Literal friggin’ shivers.

Seeing pictures of a broken down house, with a happy-go-lucky white couple trying to renovate in the middle of Detroit, honestly…. makes this Detroit-bred biracial chick feel nauseous.

The sinful part of me wants nothing to do with it.

Nothing.

(And God help the Biskies if we EVER move into a house that needs renovations).  I’m not even kidding, our marriage wouldn’t last through home renovations.  We take our houses on a NO-work-to-be-done basis.

It’s not just that homes that need renovating scare me  TO DEATH  —–TO LITERAL DEATH, it’s the idea of it all: going back to the hood, engaging with the problems and issues of the city in a less controlled environment than I currently enjoy and HEAVEN HELP US when it comes to dealing with the racial issues Detroit faces.

I left Detroit as a single black woman, confused and midly racist.
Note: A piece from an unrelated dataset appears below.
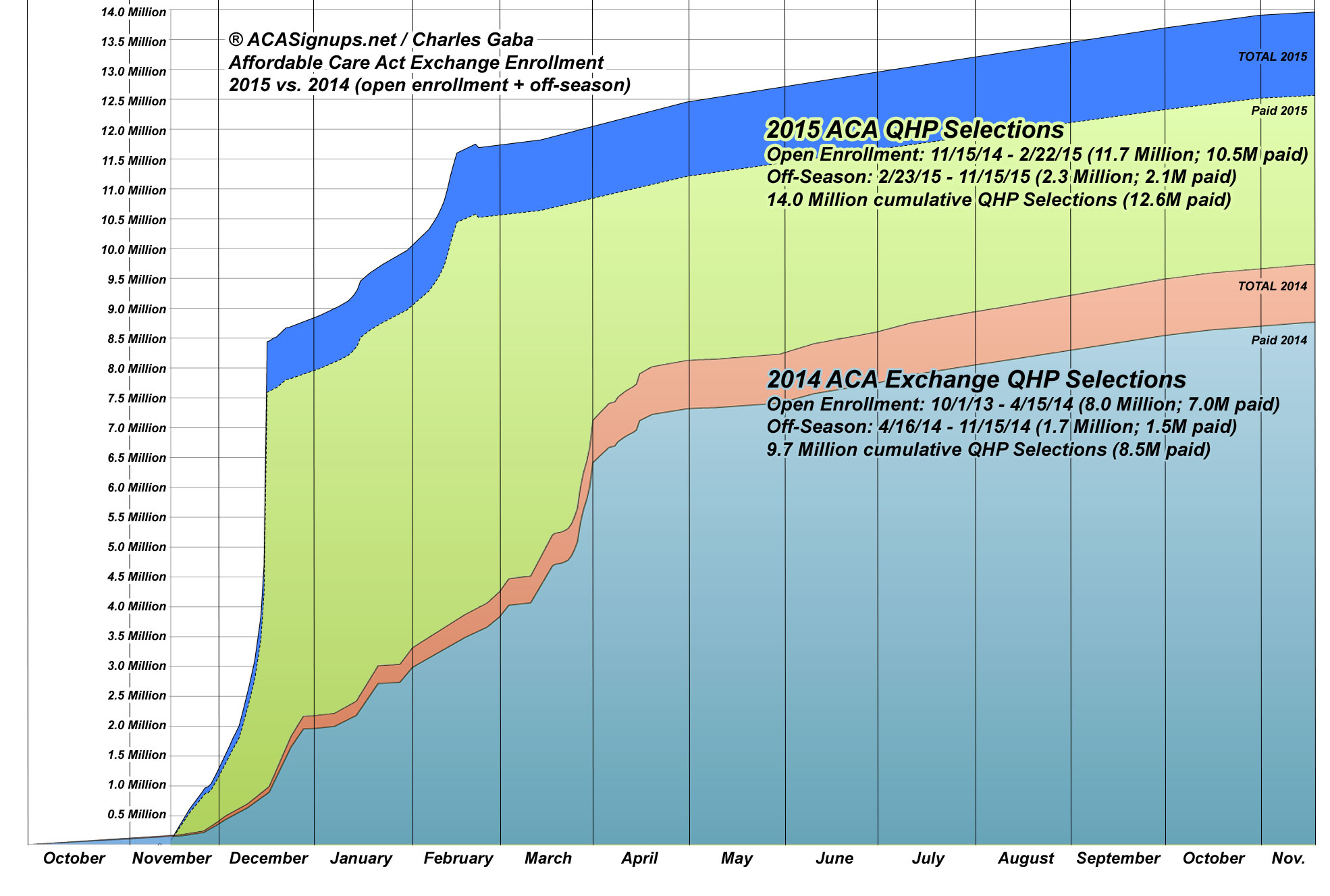 In general, however, it's been averaging roughly 8,000 - 9,000 new QHP selections per day during the off-season, and will likely continue at about that rate for another few weeks (hitting roughly 13.9 million by the end of October) before tapering off as the 2016 enrollment season kicks into gear. I'm pretty certain that it'll close out the year with around 14 million QHP selections even, of which around 12.6 million will actually be paid for and around 9.7 million will still be enrolled as of the end of December.

I would go back as a biracial chick -more evolved in my racial identity- to INCLUDE my white heritage, married to a white man with my little light-as-white-skinned babies.  IT’S A WHOLE NEW WORLD, Y’ALL.

Please trust me when I say that I LOVE the idea of whites (or whomever) moving into the city of Detroit intentionally…it’s just that the idea of MY white husband with my black self and our two lovely tri-racial children moving into the city of Detroit intentionally leaves me stressed. the. freak. out.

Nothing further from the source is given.